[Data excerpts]

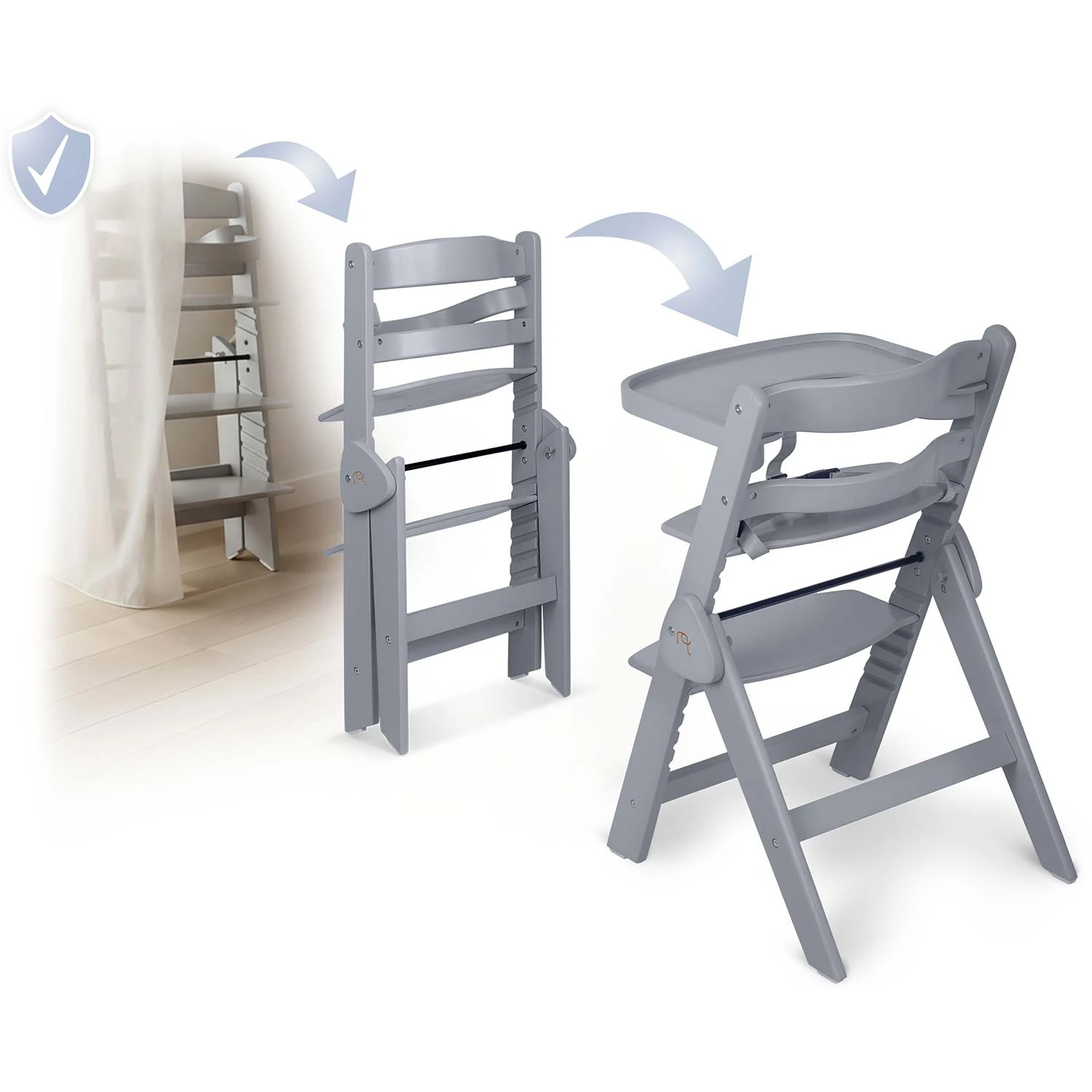 Kako vaše dijete raste, tako se i hranilica razvija! Jednostavno uklonite pladanj i podesite visinu sjedala i oslonca za noge, a hranilica se pretvara u savršeno mjesto za objedovanje za obiteljskim stolom. Stabilna, ergonomska i uvijek na pravoj visini.
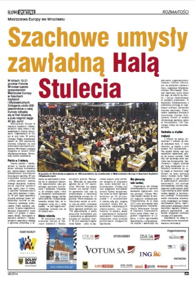 Zapraszamy do lektury najnowszego numeru tygodnika „Słowo Sportowe”, który dziś trafił do kiosków. Znajdziecie tam całą stronę poświęconą szachom, a w szczególności czekającym nas już za niecałe trzy tygodnie Mistrzostwom Europy w Szachach Szybkich i Błyskawicznych, które rozegrane zostaną we wrocławskiej Hali Stulecia. Zapraszamy!
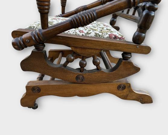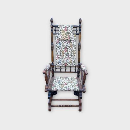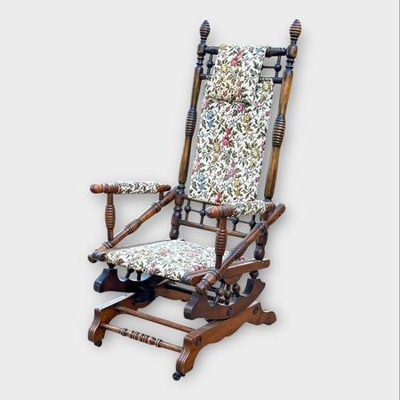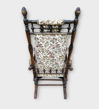 This rocker is in amazing condition. Late 19th century, either Victorian or just after Victorian era. The only flaw worth mentioning is the head rest pillow needs to be cleaned a bit.
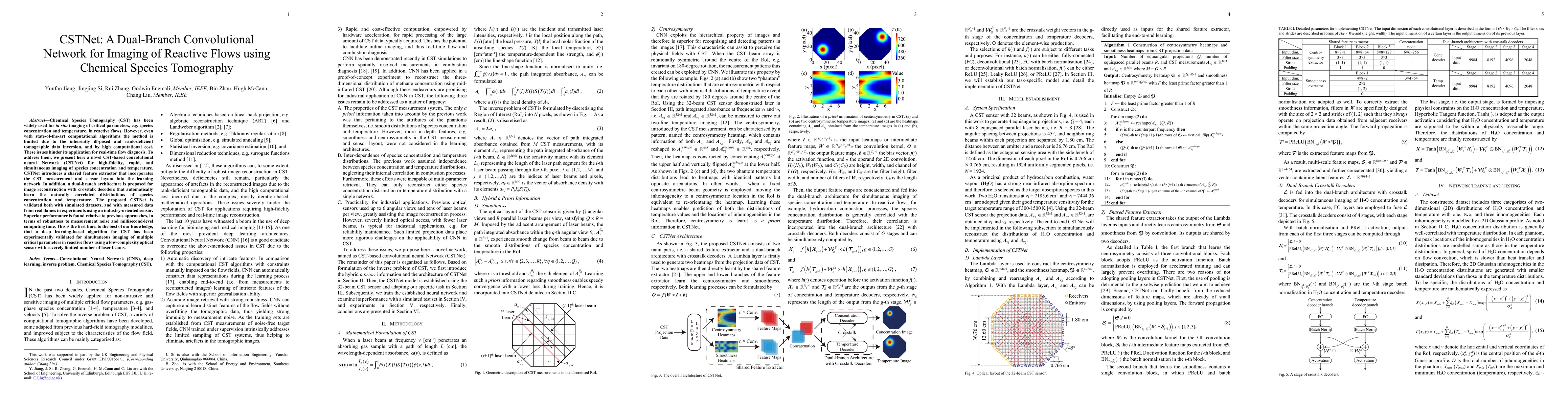 Chemical Species Tomography (CST) has been widely used for in situ imaging of critical parameters, e.g. species concentration and temperature, in reactive flows. However, even with state-of-the-art computational algorithms the method is limited due to the inherently ill-posed and rank-deficient tomographic data inversion, and by high computational cost. These issues hinder its application for real-time flow diagnosis. To address them, we present here a novel CST-based convolutional neural Network (CSTNet) for high-fidelity, rapid, and simultaneous imaging of species concentration and temperature. CSTNet introduces a shared feature extractor that incorporates the CST measurement and sensor layout into the learning network. In addition, a dual-branch architecture is proposed for image reconstruction with crosstalk decoders that automatically learn the naturally correlated distributions of species concentration and temperature. The proposed CSTNet is validated both with simulated datasets, and with measured data from real flames in experiments using an industry-oriented sensor. Superior performance is found relative to previous approaches, in terms of robustness to measurement noise and millisecond-level computing time. This is the first time, to the best of our knowledge, that a deep learning-based algorithm for CST has been experimentally validated for simultaneous imaging of multiple critical parameters in reactive flows using a low-complexity optical sensor with severely limited number of laser beams.
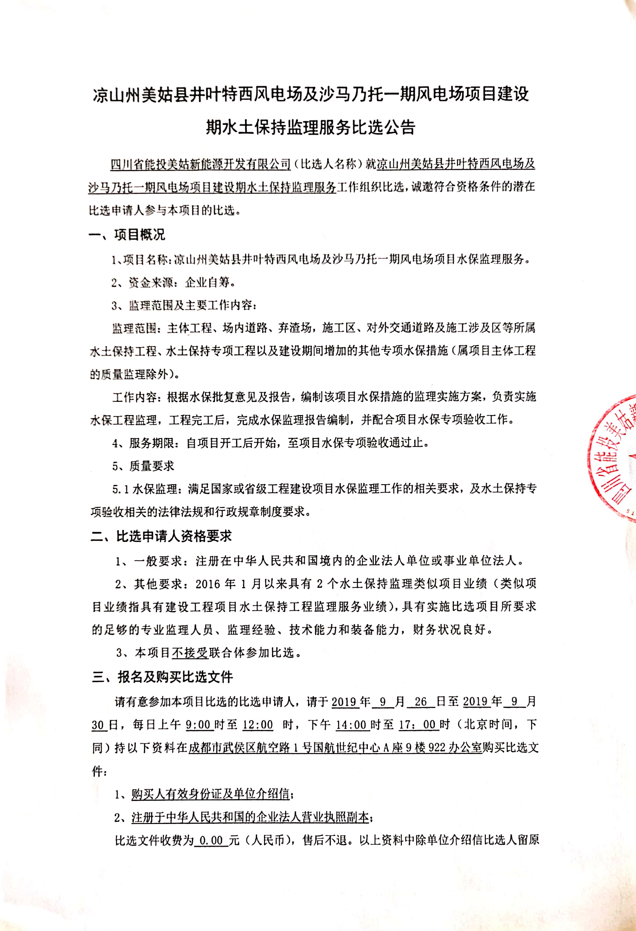 四川省能投美姑新能源开发有限公司(比选人名称)就凉山州美姑县井叶特西风电场及沙马乃托一期风电场项目建设期水土保持监理服务工作组织比选,诚邀符合资格条件的潜在比选申请人参与本项目的比选。
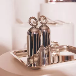 Il set sale e pepe della collezione Vertigo di Christofle aggiunge un tocco di modernità ed eleganza giocosa alla tavola. Caratterizzato dall’iconico anello asimmetrico che contraddistingue l’intera collezione, questo raffinato set è stato disegnato da Andrée Putman per unire stile e funzionalità in un design contemporaneo e distintivo.
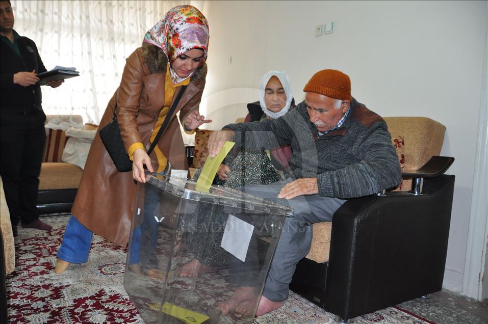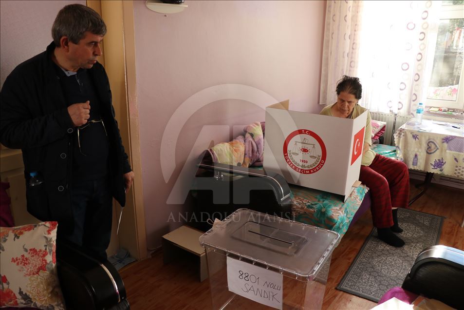 Önceden oy kullanmak için YSK'ye başvuruda bulunan 5 vatandaş, görevlilerce evlerine getirilen 8 bin 801 numaralı sandıkta oy kullandı.
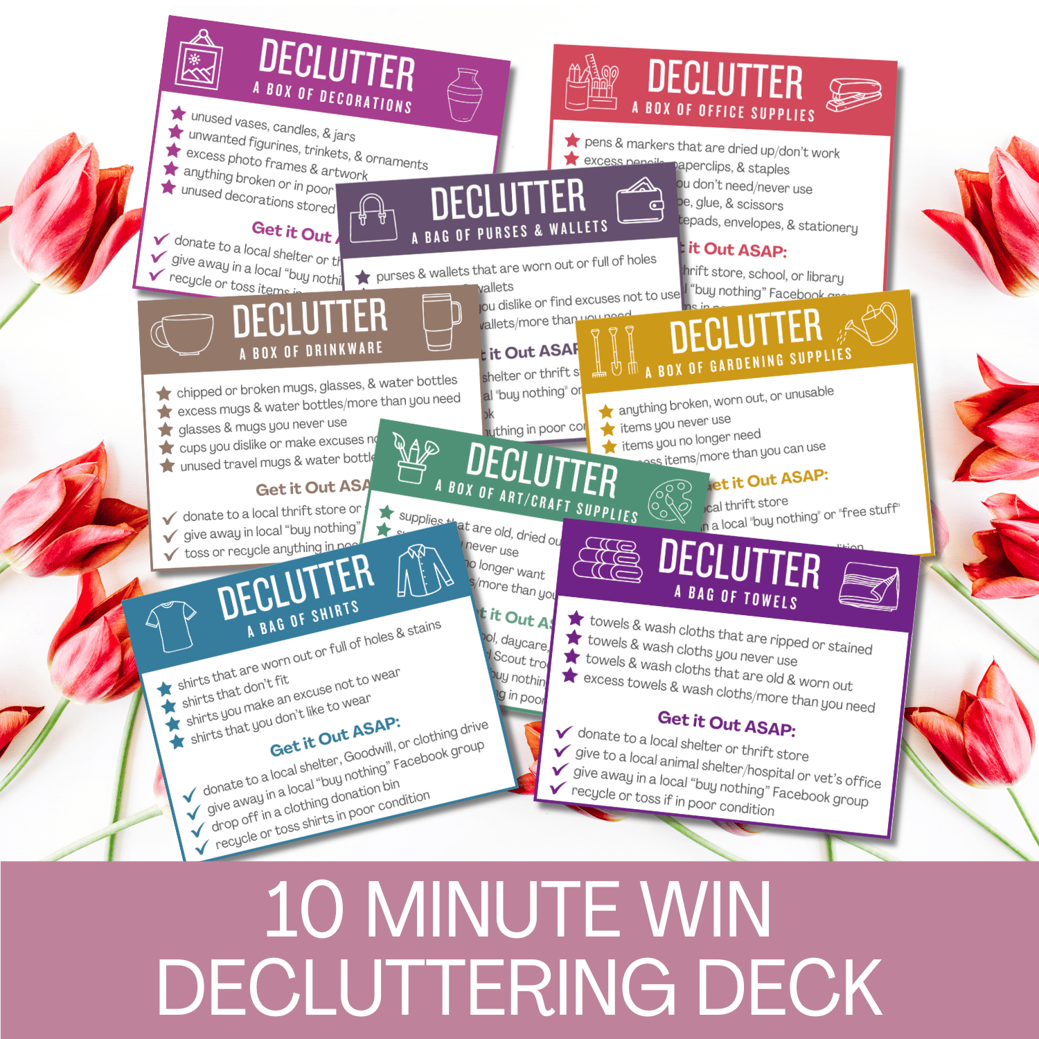- A digital PDF download featuring 60 unique decluttering cards to help you make major decluttering progress just 10 minutes at a time.
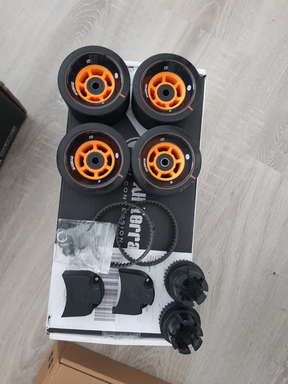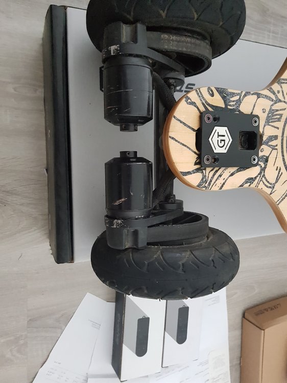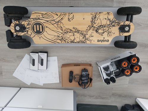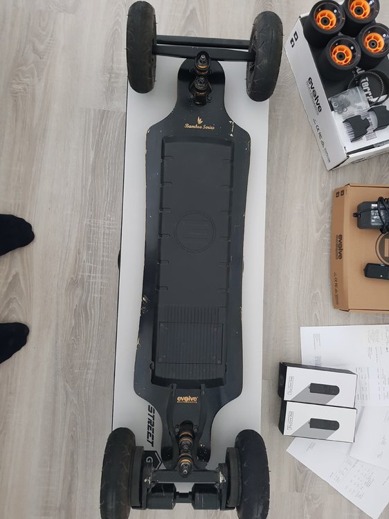 1. Moin Leute, biete hier mein geliebtes Evolve Bamboo GT Street zum Verkauf an. Habe mir für dieses Jahr eine anderes Projekt vorgenommen welches meine Zeit in Anspruch nimmt... Stichwort "Mountain-Board" 😉 Zum Setup: 1x Evolve Bamboo GT AT (11Monate Restgarantie, Rechnung liegt bei) 1x AT Setup (Reifen, Schlauch, Felgen, Riemen, Abdeckungen, Lager, Kleinteile) 2x Remote Cotroller (ein Cotroller mit neue Firmware "Safe Modus") 1x Original Evolve Ladegerät 1x OVP + Bedienungsanleitung 1x Original Rechnung "Evolve GT street" 1x Original Rechnung "AT-Setup" Zum Board: Das Board ist in einem Top Zustand und hat nur geringe Gebrauchsspuren (siehe Foto). Nach jeder Ausfahrt wurden die Gummis, falls nötig, nachgefettet und alle Schrauben ggf. nachgezogen. Das Board wurde ausschließlich auf Asphalt oder befestigten Wegen gefahren. Für Offroad Fahrten war mir das Board zu schade. Man Könnte sagen es handelt sich um ein gepflegtes Schön-Wetter-Board. Festpreis: 1.100,00€ Bei Interesse und Fragen bitte PN an mich. Board kann Probe gefahren werden in HH oder Hannover (nach Absprache). Nordische Grüße aus Hamburg, und einen schönen Restsonntag. MfG Majorlog

→ Exercise
Only one thing is wanted here, an exact copy of the lines from the first line above through the line containing "This rocker is", minus any picture.

→ Answer for this exercise
 Kako vaše dijete raste, tako se i hranilica razvija! Jednostavno uklonite pladanj i podesite visinu sjedala i oslonca za noge, a hranilica se pretvara u savršeno mjesto za objedovanje za obiteljskim stolom. Stabilna, ergonomska i uvijek na pravoj visini.
 Zapraszamy do lektury najnowszego numeru tygodnika „Słowo Sportowe”, który dziś trafił do kiosków. Znajdziecie tam całą stronę poświęconą szachom, a w szczególności czekającym nas już za niecałe trzy tygodnie Mistrzostwom Europy w Szachach Szybkich i Błyskawicznych, które rozegrane zostaną we wrocławskiej Hali Stulecia. Zapraszamy!
 This rocker is in amazing condition. Late 19th century, either Victorian or just after Victorian era. The only flaw worth mentioning is the head rest pillow needs to be cleaned a bit.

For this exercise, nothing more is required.